- Location: Narayanbagh and Dab Villages, Ganderbal District, Jammu and Kashmir, India
- Coordinates: 34°11′N 74°41′E﻿ / ﻿34.19°N 74.68°E
- Type: Shallow lake
- Primary inflows: Springs
- Surface area: 24.3 ha (60 acres)
- Average depth: 5 m (16 ft)
- Surface elevation: 1,587 m (5,207 ft)

= Narayanbagh Lake =

Lake in Jammu and Kashmir, India

Naryanbagh Lake or Narayanbagh Sar is a shallow lake situated 14 km from Ganderbal town & 30 kilometers from Srinagar city in between the Dab and Narayanbagh villages of Ganderbal district of Jammu and Kashmir, India. Covering an area of 24.3 hectares, it lies at an altitude of 1587 meters. The lake is classified as a semi-drainage type, primarily fed by springs within its basin, and reaches a maximum depth of 5 meters.

==Geography==
Naraynbagh Lake is located on the floodplain of the river Jhelum. Its water is alkaline, with a pH ranging from 7.6 to 8. The lake is characterized by marl formation, which covers the macrophytic vegetation and basin sediment.
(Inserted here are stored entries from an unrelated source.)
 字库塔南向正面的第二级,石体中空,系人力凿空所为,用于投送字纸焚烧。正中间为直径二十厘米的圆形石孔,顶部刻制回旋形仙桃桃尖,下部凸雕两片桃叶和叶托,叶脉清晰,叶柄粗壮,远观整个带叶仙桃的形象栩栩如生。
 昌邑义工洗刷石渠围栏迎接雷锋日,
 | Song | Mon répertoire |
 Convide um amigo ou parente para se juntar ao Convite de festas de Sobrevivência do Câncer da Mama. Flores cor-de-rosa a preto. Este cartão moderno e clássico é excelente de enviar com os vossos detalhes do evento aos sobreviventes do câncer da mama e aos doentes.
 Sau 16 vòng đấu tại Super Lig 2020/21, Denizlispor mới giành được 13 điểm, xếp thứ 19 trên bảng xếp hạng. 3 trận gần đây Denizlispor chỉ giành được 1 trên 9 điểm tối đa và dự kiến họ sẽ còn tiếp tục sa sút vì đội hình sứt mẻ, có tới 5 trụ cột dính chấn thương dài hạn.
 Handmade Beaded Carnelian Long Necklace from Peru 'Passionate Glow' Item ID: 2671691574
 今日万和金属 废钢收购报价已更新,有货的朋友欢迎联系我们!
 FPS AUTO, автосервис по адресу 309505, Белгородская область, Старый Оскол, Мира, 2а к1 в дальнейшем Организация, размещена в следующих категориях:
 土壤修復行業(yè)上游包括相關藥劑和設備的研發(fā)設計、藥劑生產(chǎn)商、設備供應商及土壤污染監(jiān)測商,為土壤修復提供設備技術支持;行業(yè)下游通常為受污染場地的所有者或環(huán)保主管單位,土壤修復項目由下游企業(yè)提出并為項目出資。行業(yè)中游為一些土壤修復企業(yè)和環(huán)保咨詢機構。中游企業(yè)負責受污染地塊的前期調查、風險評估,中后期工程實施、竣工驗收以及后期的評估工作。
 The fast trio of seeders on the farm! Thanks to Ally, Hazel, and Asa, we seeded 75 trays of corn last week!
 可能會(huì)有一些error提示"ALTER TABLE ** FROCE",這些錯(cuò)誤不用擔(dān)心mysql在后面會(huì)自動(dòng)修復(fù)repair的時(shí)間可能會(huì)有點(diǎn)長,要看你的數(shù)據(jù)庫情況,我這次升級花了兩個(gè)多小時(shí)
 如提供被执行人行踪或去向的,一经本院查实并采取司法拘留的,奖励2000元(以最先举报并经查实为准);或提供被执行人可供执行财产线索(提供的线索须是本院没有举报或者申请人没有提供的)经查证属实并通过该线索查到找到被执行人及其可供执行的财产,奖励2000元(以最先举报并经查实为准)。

Narayanbagh Lake falls under wetland type 13, characterized by its semi-drainage nature and reliance on spring water for its supply.

==Climate==
The climate around Naraynbagh Lake exhibits marked seasonal changes, with temperatures fluctuating from -4°C in winter to 32.5°C in summer. Heavy snowfall occurs during the winter months.

==Vegetation==
The principal vegetation of the lake includes Ceratophyllum and Myriophyllum aquatic species in deeper areas, while Phragmites and Typha reeds typically grow along the lake shore. The aquatic fern Salvinia natans also thrives in the lake's ecosystem.